You’ll typically use the bitwise AND operator to select particular bits or groups of bits in an integer value. To see what this means, you can reuse the example presented at the beginning of this section, which used a 16-bit integer to store the characteristics of a font.

Suppose you want to declare and initialize a variable to specify a 12-point, italic, style 6 font—in fact, the very same one illustrated in Figure 3-1. In binary, the style will be 00000110, the italic bit will be 1, the bold bit will be 0, and the size will be 01100. Remembering that there’s an unused bit as well, you need to initialize the value of the font variable to the binary number 0000 0110 0100 1100.

Because groups of four bits correspond to a hexadecimal digit, the easiest way to do this is to specify the initial value in hexadecimal notation:

 unsigned short font = 0x064C;      // Style 6, italic, 12 

NOTE When you set up bit patterns like this, hexadecimal notation is invariably more appropriate than using decimal values.

To use the size, you need to be able to extract it from the font variable; the bitwise AND operator will enable you to do this. Because bitwise AND only produces 1 bit when both bits are 1, you can define a value that will “select” the bits defining the size when you AND it with font. All you need to do is define a value that contains 1s in the bit positions that you’re interested in, and 0s in all the others. This kind of value is called a mask, and you can define such a mask with the statement

 unsigned short size_mask = 0x1F;    // Mask is 0000 0000
         0001 1111 to select size

The five low-order bits of font represent its size, so you set these bits to 1. The remaining bits are 0, so they will be discarded. (Binary 0000 0000 0001 1111 translates to hexadecimal 1F.)

You can now extract the point size from font with the statement

 unsigned short size = font & size_mask;

Where both corresponding bits are 1 in an & operation, the resultant bit is 1. Any other combination of bits results in 0. The values therefore combine like this:

font                   0000 0110 0100 1100
size_mask              0000 0000 0001 1111
font & size_mask       0000 0000 0000 1100

Showing the binary values in groups of four bits has no real significance other than making it easy to identify the hexadecimal equivalent; it also makes it easier to see how many bits there are in total. As you can see, the effect of the mask is to separate out the five rightmost bits, which represent the point size.

You could use the same mechanism to select out the style for the font, but you’ll also need to use a shift operator to move the style value to the right. You can define a mask to select the left eight bits as follows:

 unsigned short style_mask = 0XFF00;   // Mask is 1111    
        1111 0000 0000 for style

You can then obtain the style value with the statement

 unsigned short style = (font & style_mask) >> 8; // 
        Extract the style

The effect of this statement is

font                     0000 0110 0100 1100
style_mask               1111 1111 0000 0000
font & style_mask        0000 0110 0000 0000
(font & style_mask) >> 8 0000 0000 0000 0110

You should be able to see that you could just as easily isolate the bits indicating italic and bold by defining a mask for each, with the appropriate bit set to 1. Of course, you still need a way to test whether the resulting bit is 1 or 0, and you’ll see how to do that in the next chapter.

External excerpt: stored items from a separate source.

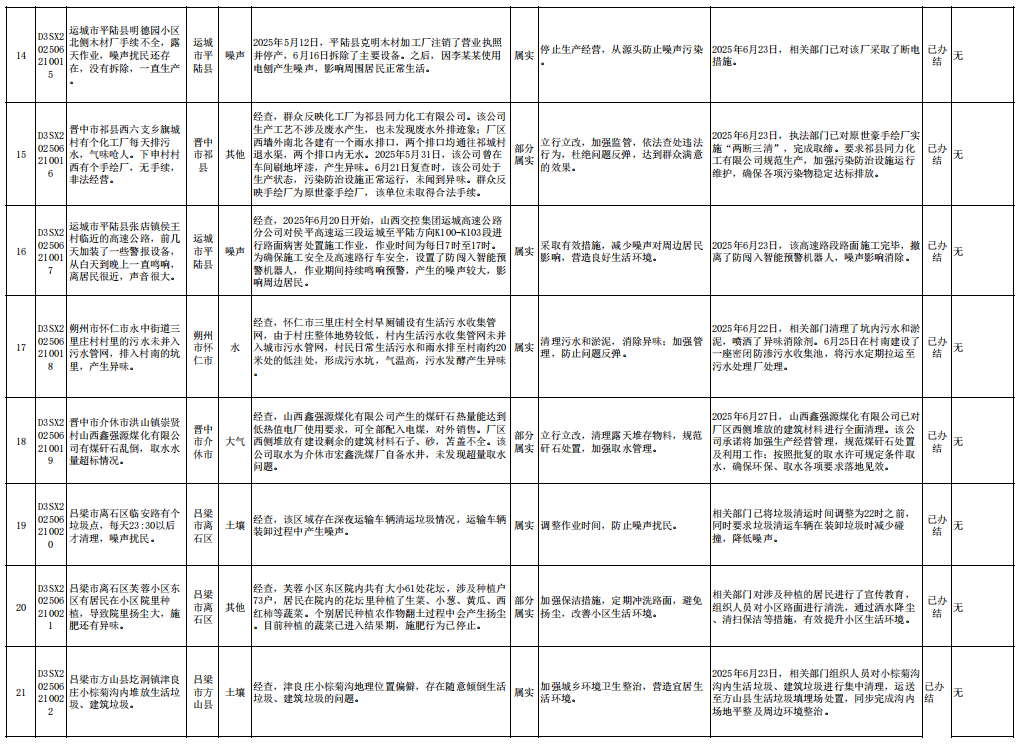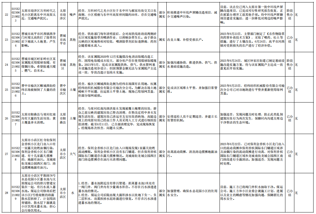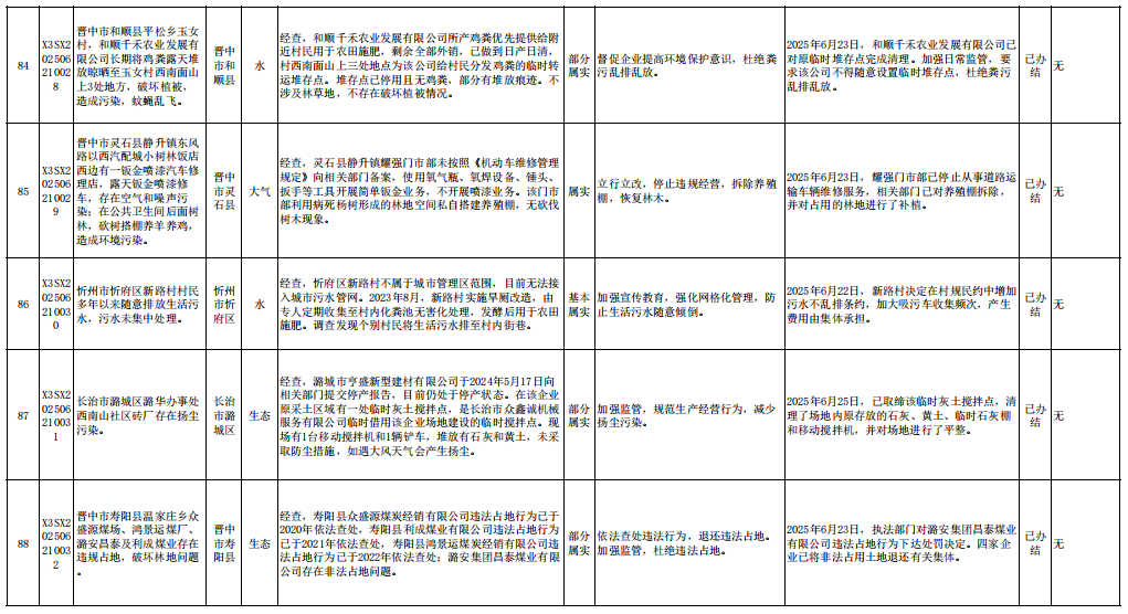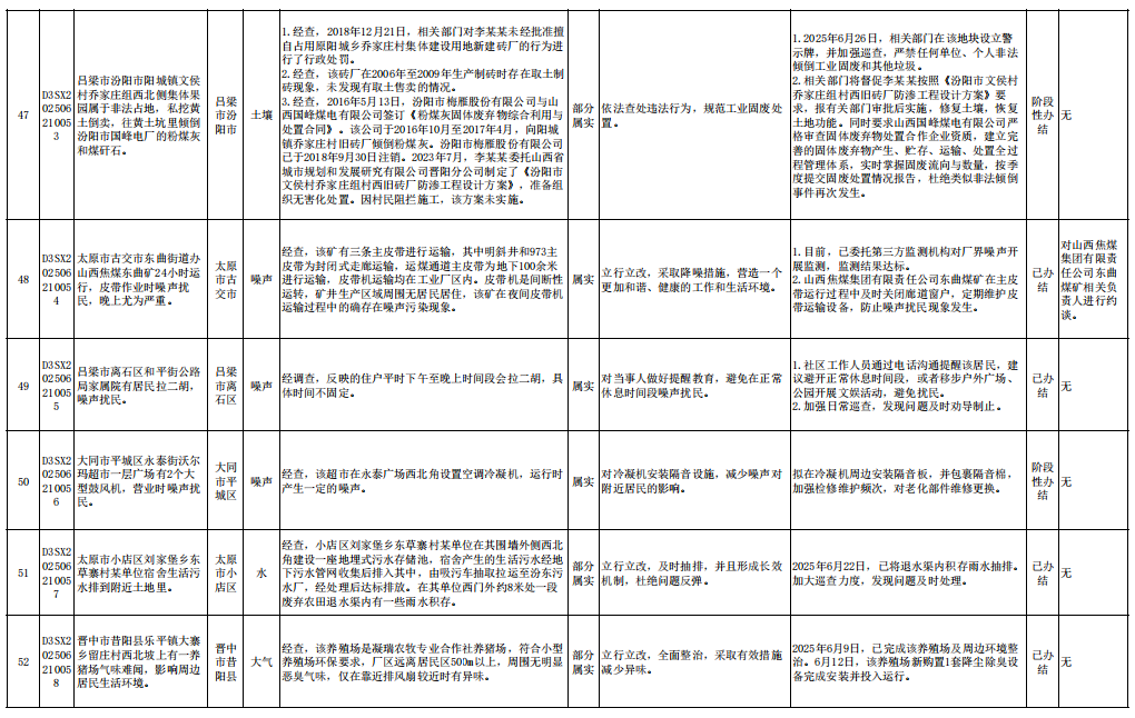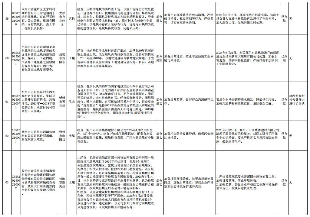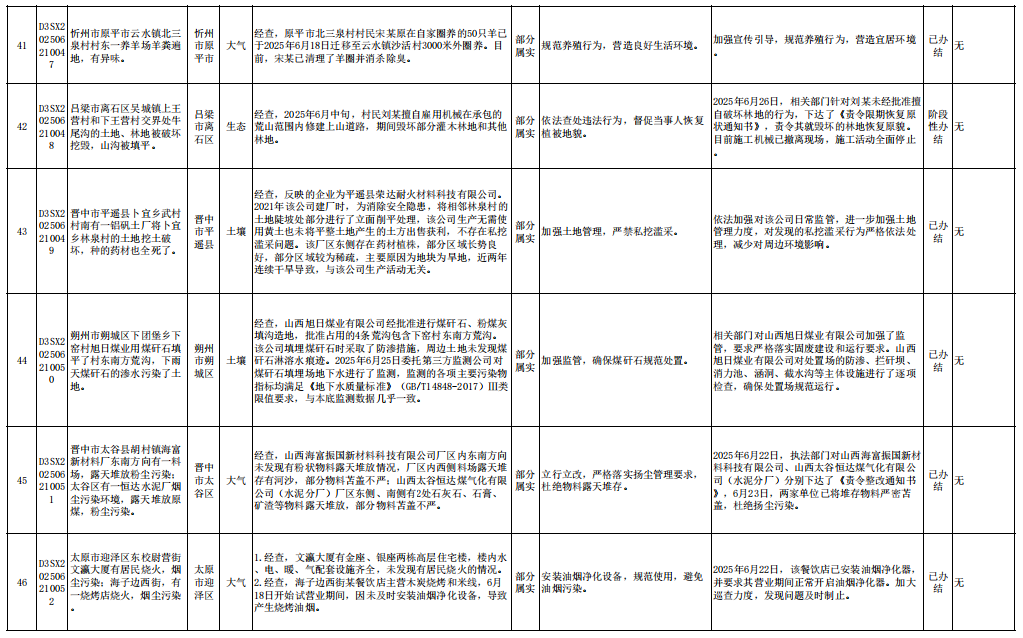 中央生态环境保护督察组群众信访举报转办和边督边改公开情况一览表(第25批 2025年6月30日)
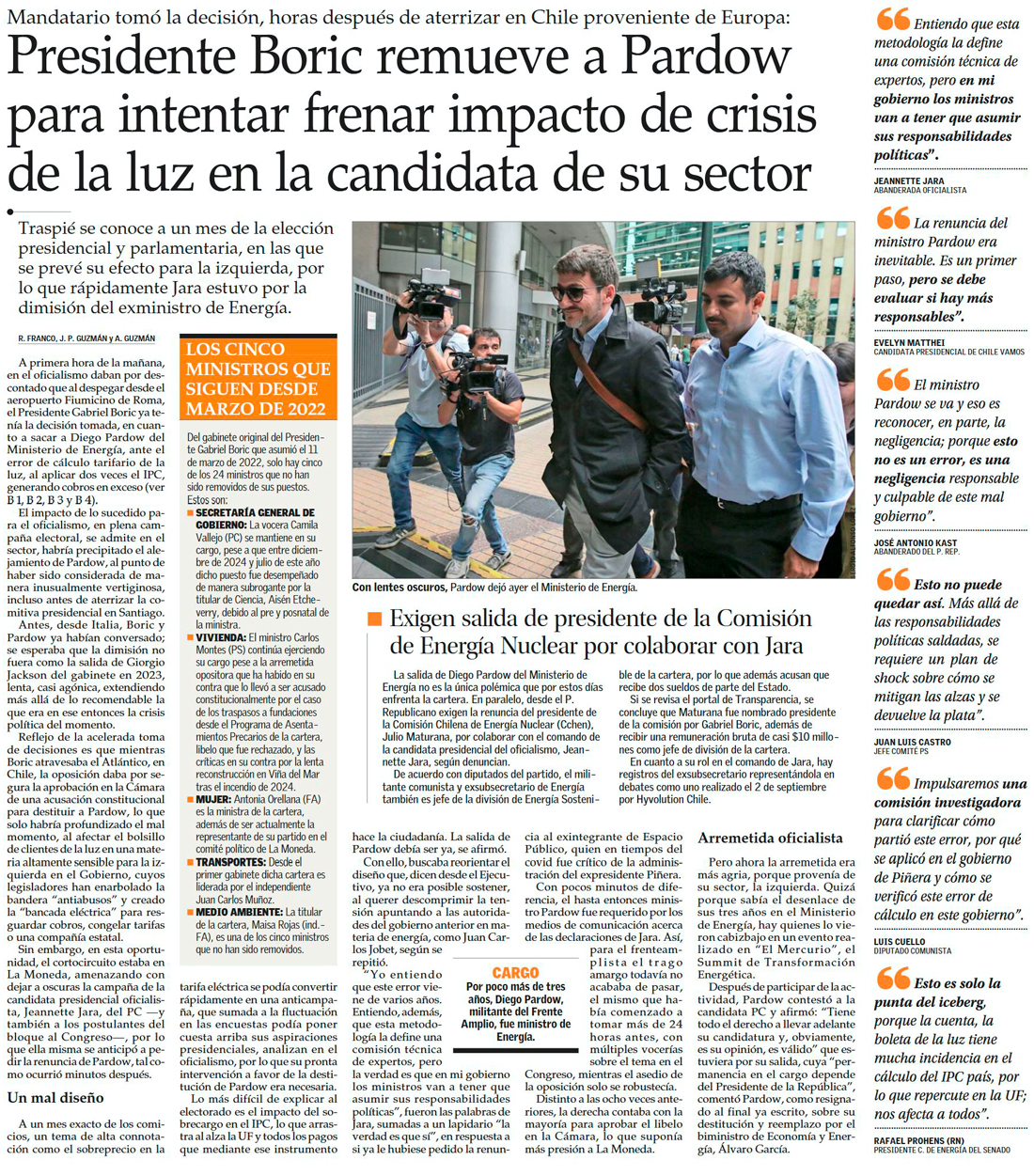 El último discurso de Pardow en Summit de Energía: “Esta coyuntura no es la que hubiera elegido” - (El Mercurio de Santiago)
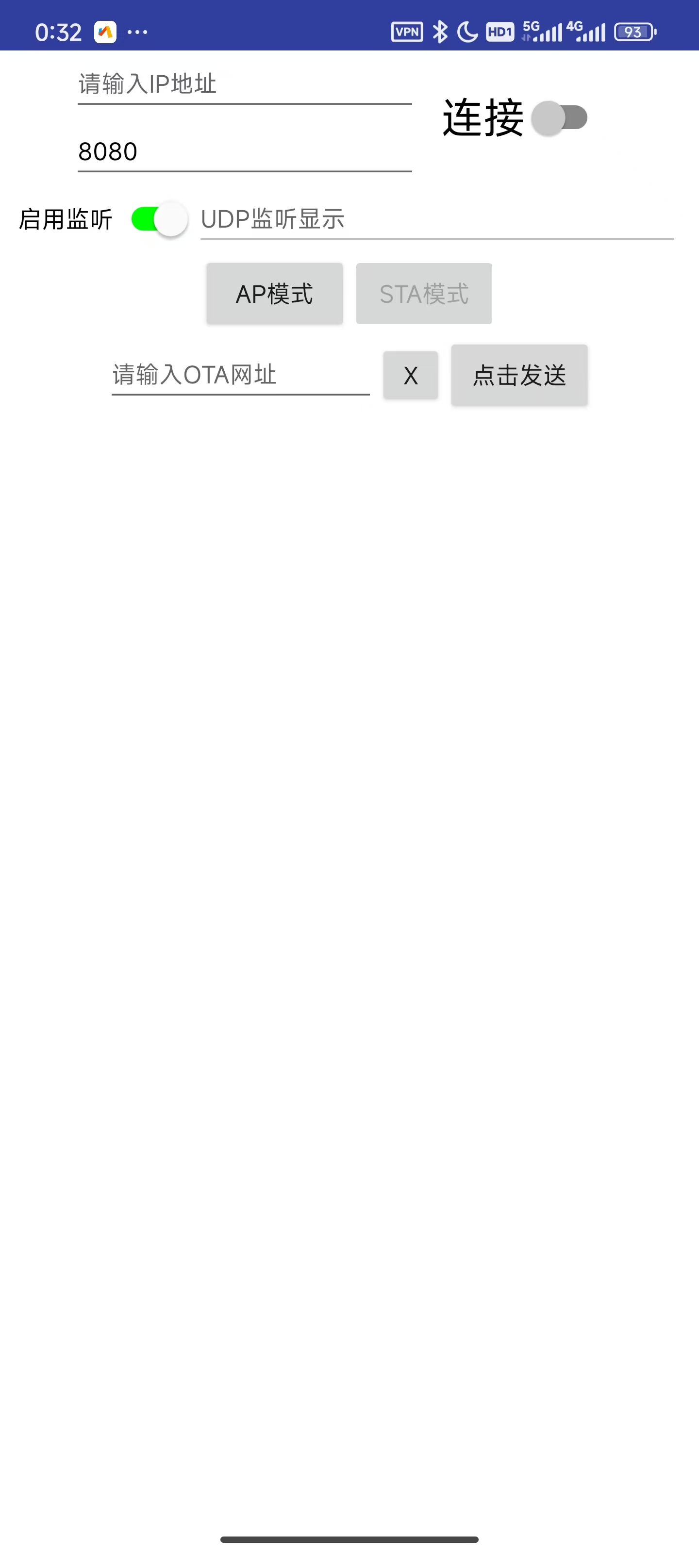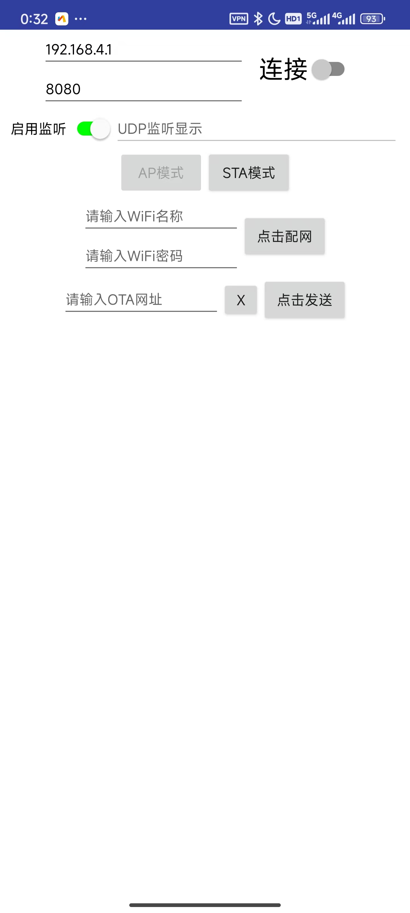 一开始其实想用蓝牙的,连接方便,单片机程序方便,手机APP程序开发也方便,就是太大了,我没开蓝牙之前编译完用了22%的flash(默认程序分配1.2M大小),开蓝牙一下子占用到90%,导致后续程序估计写不下了,最后就用了UDP。
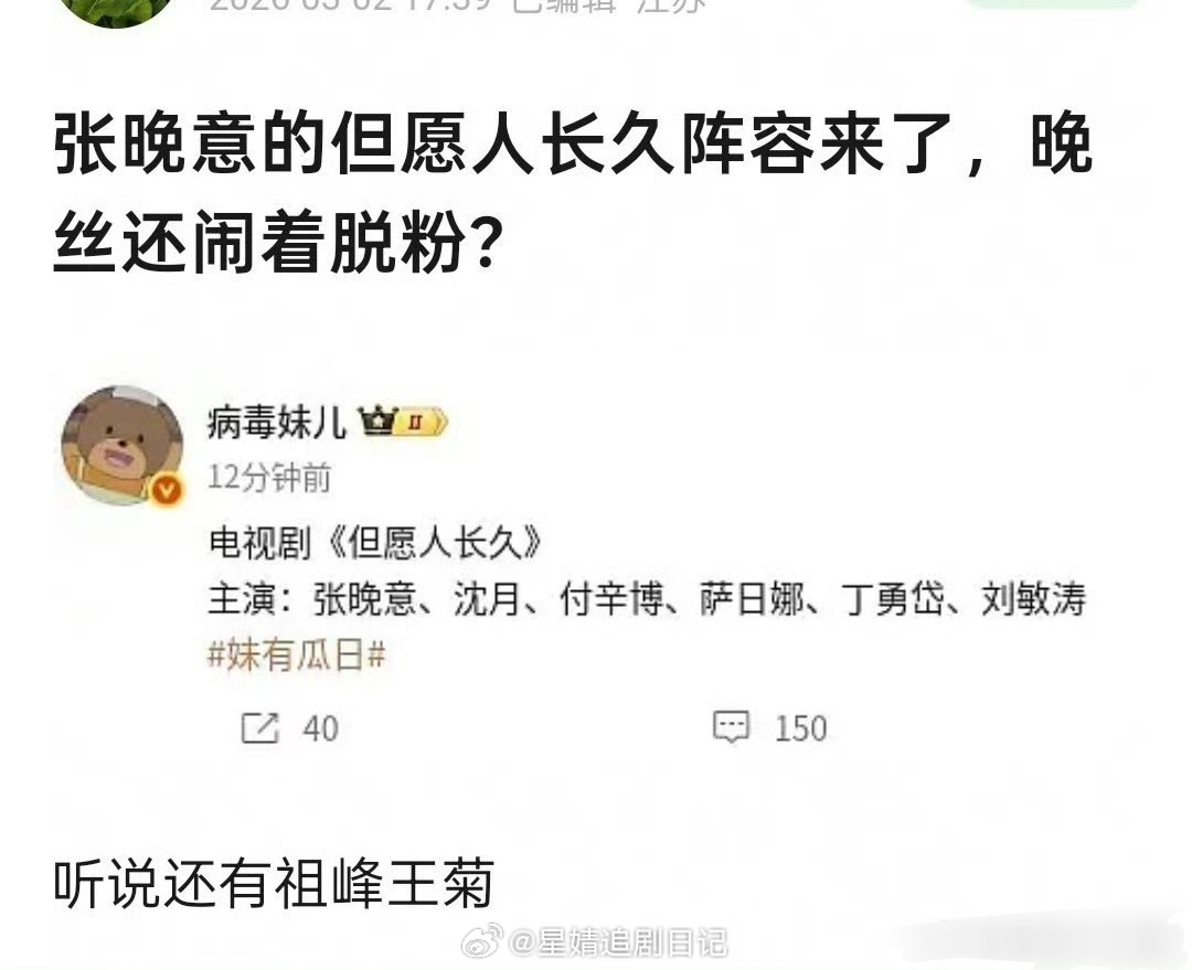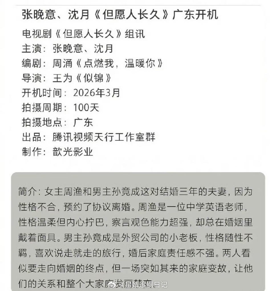 这阵容不是很好吗?张晚意沈月新剧《但愿人长久》这剧配角配置还挺好的~萨日娜、丁勇岱、刘敏涛三位重量级老戏骨。男二竟然是付辛博 好多人啊 ,这配角阵容真的算挺好的了…还脱个der
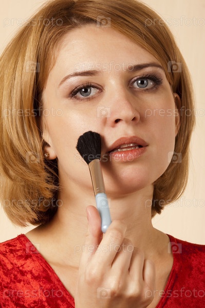 Красивая блондинка наносит макияж большой кистью
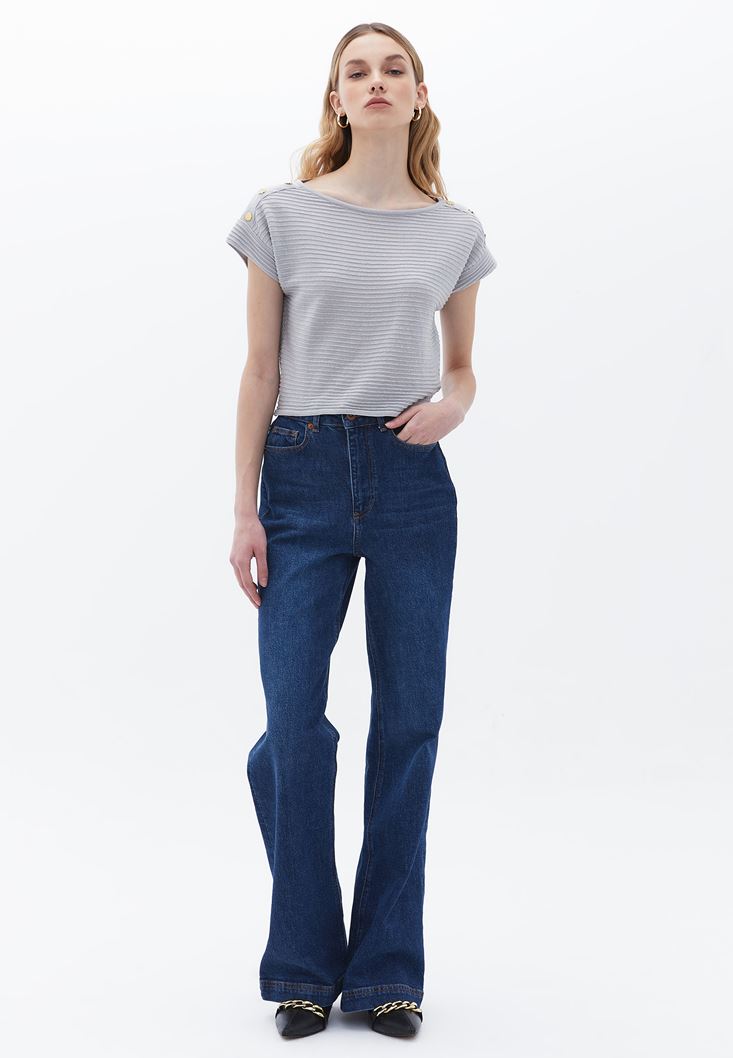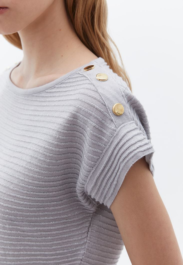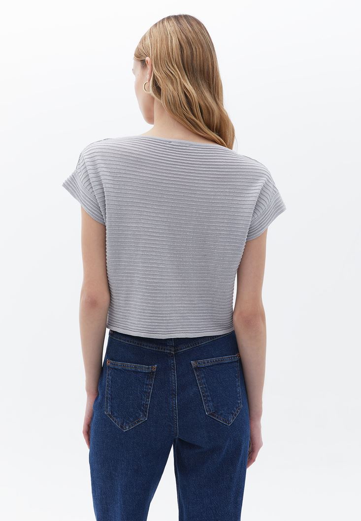 Grey Boat Neck Sweater With Glitter

Another use for the bitwise AND operator is to turn bits off. Part of the effect you saw previously is that any bit that is 0 in a mask will produce 0 in the result. To turn the italic bit off, for example, and leave the rest unchanged, you just bitwise-AND the font variable with a mask that has the italic bit as 0 and all the other bits as 1. You’ll look at the code to do this in the context of the bitwise OR operator, for reasons that I’ll explain next.

Using the Bitwise OR

You can use the bitwise OR operator for setting single or multiple bits. Continuing with your manipulations of the font variable, it’s conceivable that you would want to set the italic and bold bits on demand. You can define masks to select these bits with the statements

unsigned short italic = 0X40U;     // Seventh bit from 
        the right
unsigned short bold = 0X20U;       // Sixth bit from the

Now you can set the bold bit with the statement

font |= bold;                      // Set bold

The bits combine here as follows:

font                  0000 0110 0100 1100
bold                  0000 0000 0010 0000
font | bold           0000 0110 0110 1100

Now, the font variable specifies that the font it represents is bold as well as italic. Note that this operation will result in the bit being set, regardless of its previous state. If it was on before, it remains on.

You can also set multiple bits by ORing the masks together, so the following statement will set both the bold and the italic bit:

 font |= bold | italic;           // Set bold and italic

It’s easy to fall into the trap of allowing language to make you select the wrong operator. Because you say “Set italic and bold” there’s a temptation to use the & operator, but this would be wrong. ANDing the two masks together would result in a value with all bits 0, so you wouldn’t change anything.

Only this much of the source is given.